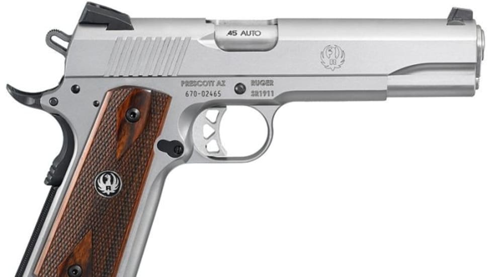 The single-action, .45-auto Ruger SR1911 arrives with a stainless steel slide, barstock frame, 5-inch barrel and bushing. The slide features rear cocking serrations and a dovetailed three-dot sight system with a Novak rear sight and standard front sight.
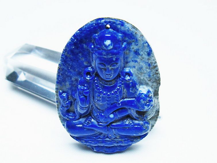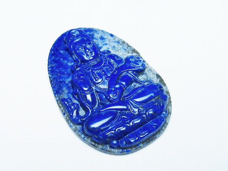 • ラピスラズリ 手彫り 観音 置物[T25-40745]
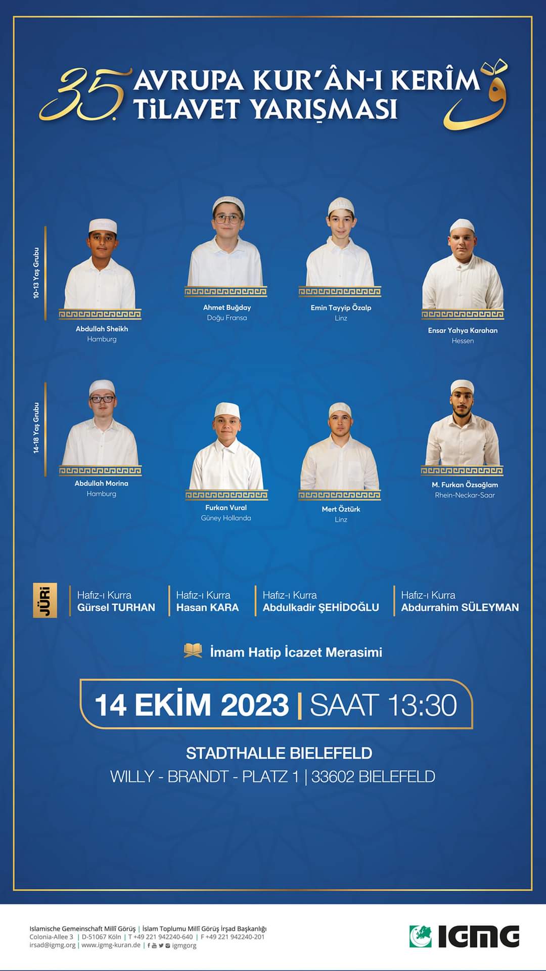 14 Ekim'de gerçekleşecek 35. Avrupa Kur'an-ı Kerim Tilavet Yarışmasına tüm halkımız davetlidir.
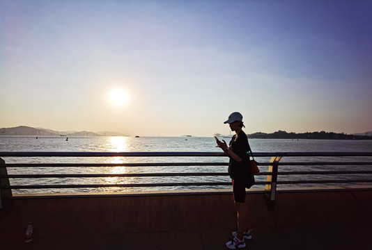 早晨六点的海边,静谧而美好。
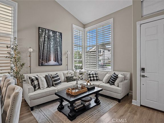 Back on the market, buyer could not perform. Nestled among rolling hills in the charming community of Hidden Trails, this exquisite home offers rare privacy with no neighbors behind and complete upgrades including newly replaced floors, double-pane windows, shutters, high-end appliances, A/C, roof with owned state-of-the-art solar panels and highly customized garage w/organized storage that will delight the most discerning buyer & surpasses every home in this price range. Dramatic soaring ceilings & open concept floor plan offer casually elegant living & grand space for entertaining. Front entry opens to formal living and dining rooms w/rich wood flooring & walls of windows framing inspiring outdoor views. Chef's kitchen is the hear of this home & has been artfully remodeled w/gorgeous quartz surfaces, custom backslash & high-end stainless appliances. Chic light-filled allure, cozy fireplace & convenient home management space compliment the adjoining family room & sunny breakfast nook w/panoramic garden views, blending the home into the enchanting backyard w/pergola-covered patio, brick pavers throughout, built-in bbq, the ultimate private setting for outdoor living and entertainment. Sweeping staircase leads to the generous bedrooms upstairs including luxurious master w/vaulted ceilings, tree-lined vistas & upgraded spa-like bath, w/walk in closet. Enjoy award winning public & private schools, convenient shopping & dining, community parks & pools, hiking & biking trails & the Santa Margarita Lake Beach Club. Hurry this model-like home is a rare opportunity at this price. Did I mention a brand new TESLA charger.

---

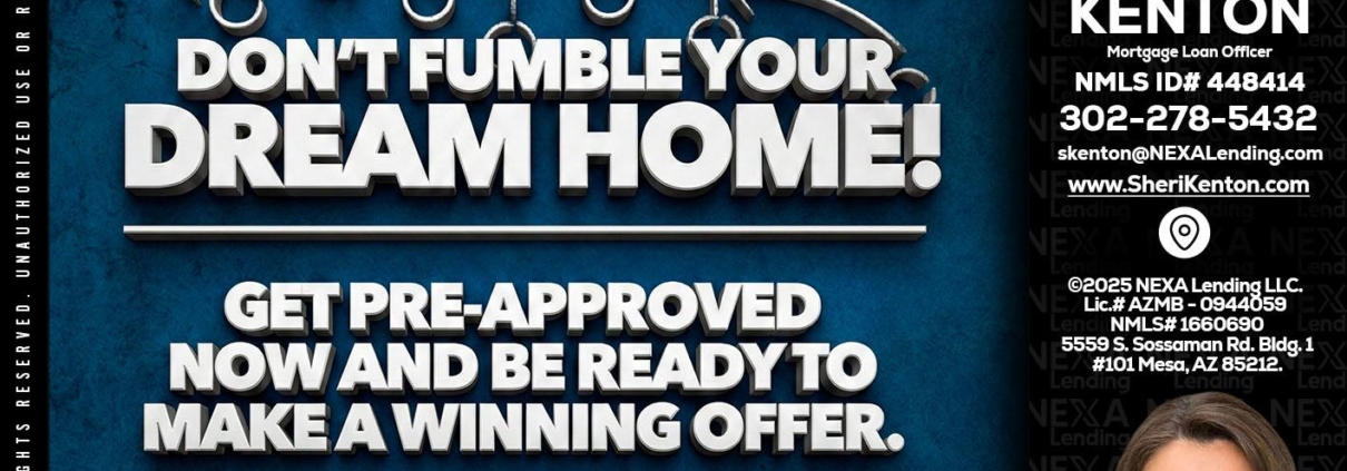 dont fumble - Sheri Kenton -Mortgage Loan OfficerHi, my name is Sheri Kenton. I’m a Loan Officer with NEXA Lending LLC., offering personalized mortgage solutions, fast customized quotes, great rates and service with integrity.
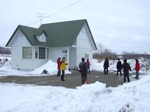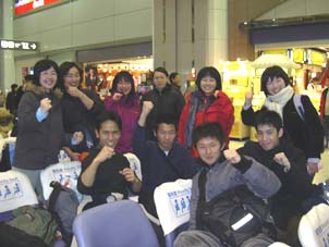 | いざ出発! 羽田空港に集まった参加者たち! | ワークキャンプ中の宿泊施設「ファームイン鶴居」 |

* * *

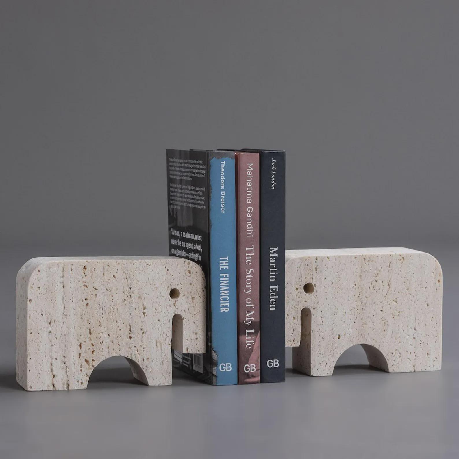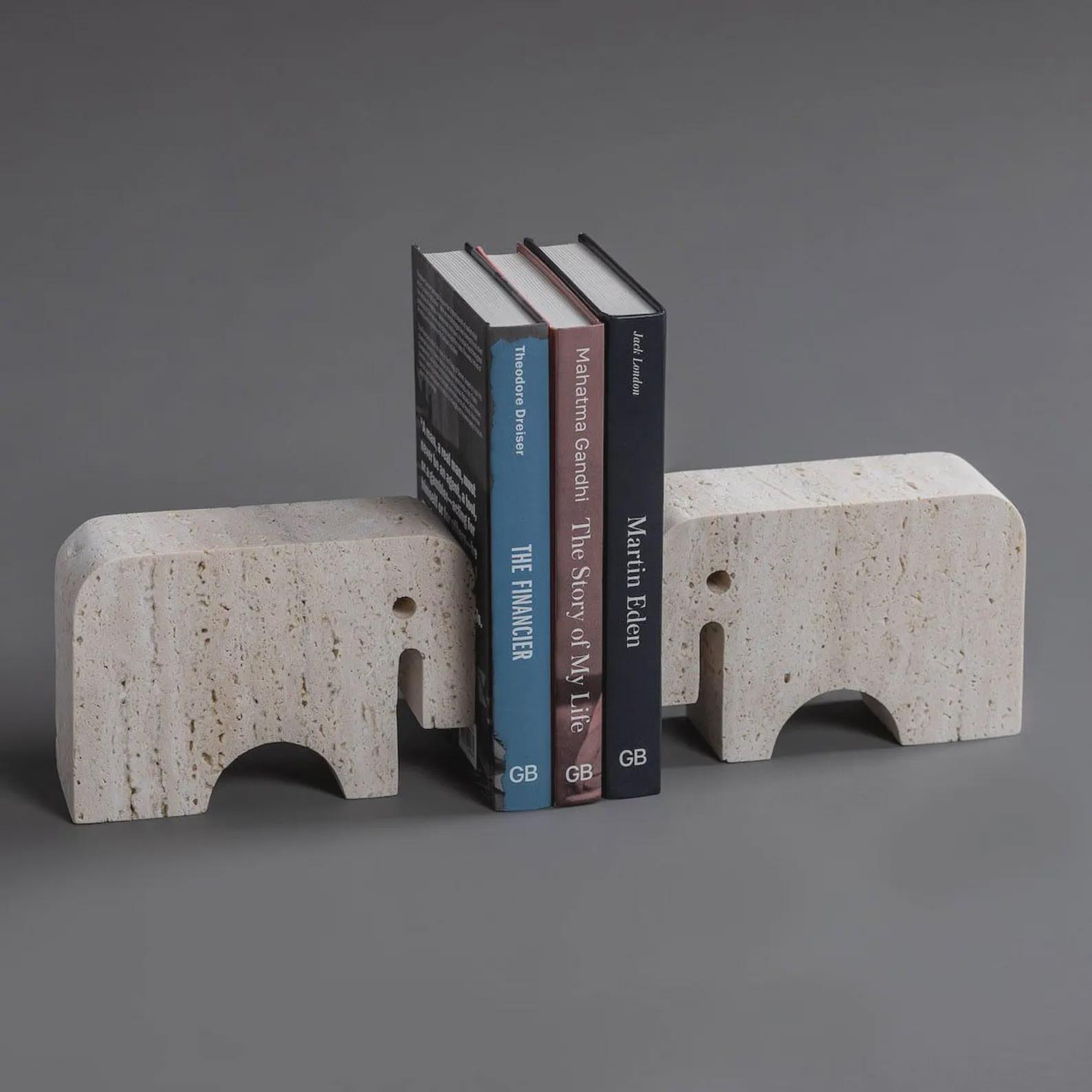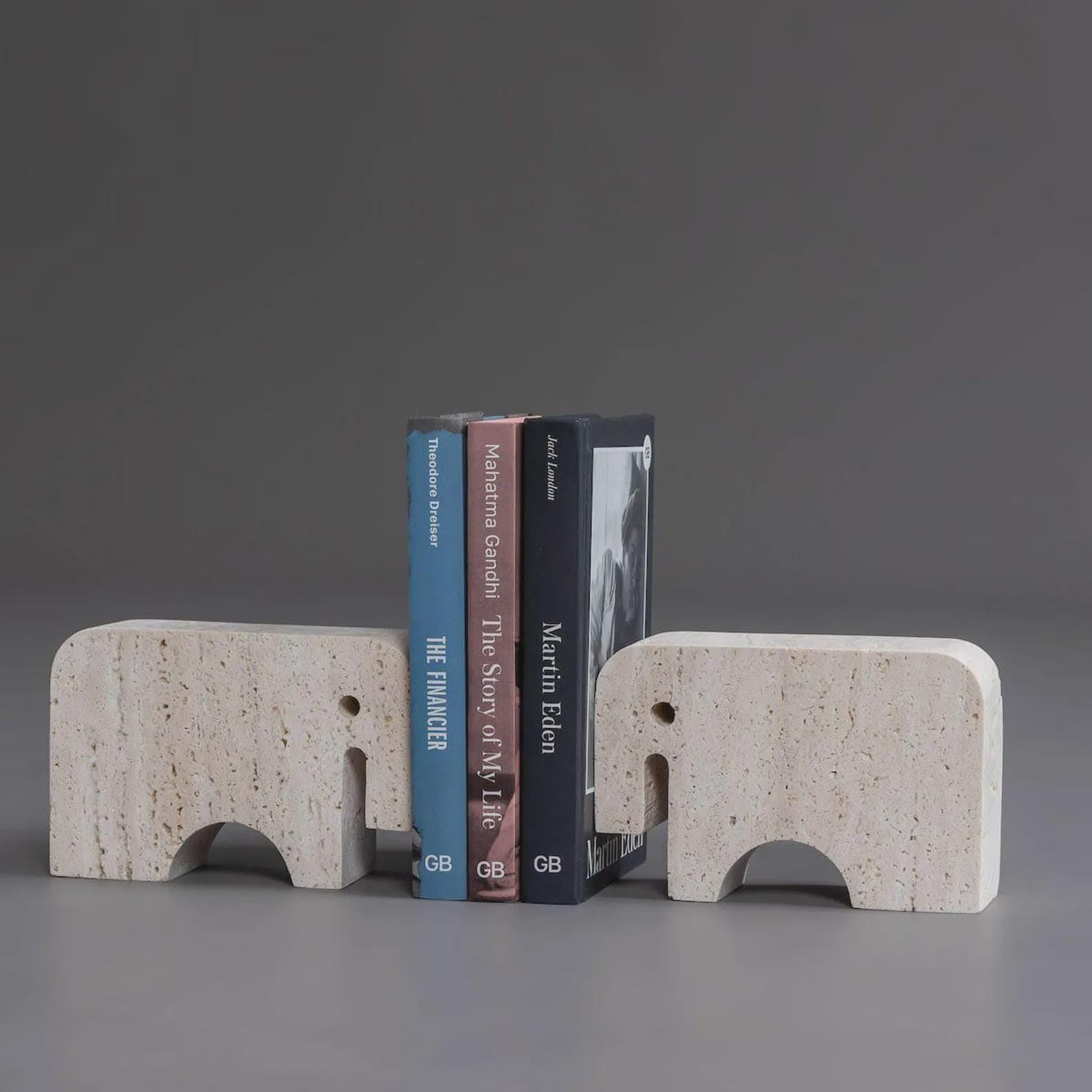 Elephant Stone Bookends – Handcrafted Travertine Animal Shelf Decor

▶ Exercise brief
Going by the entries above, repeat exactly the lines that start at the line with "The single-action, .45-auto" and go on through the line with "早晨六点的海边,静谧而美好。". Pictures are not part of the copy.

▶ Written answer
 The single-action, .45-auto Ruger SR1911 arrives with a stainless steel slide, barstock frame, 5-inch barrel and bushing. The slide features rear cocking serrations and a dovetailed three-dot sight system with a Novak rear sight and standard front sight.
 • ラピスラズリ 手彫り 観音 置物[T25-40745]
 14 Ekim'de gerçekleşecek 35. Avrupa Kur'an-ı Kerim Tilavet Yarışmasına tüm halkımız davetlidir.
 早晨六点的海边,静谧而美好。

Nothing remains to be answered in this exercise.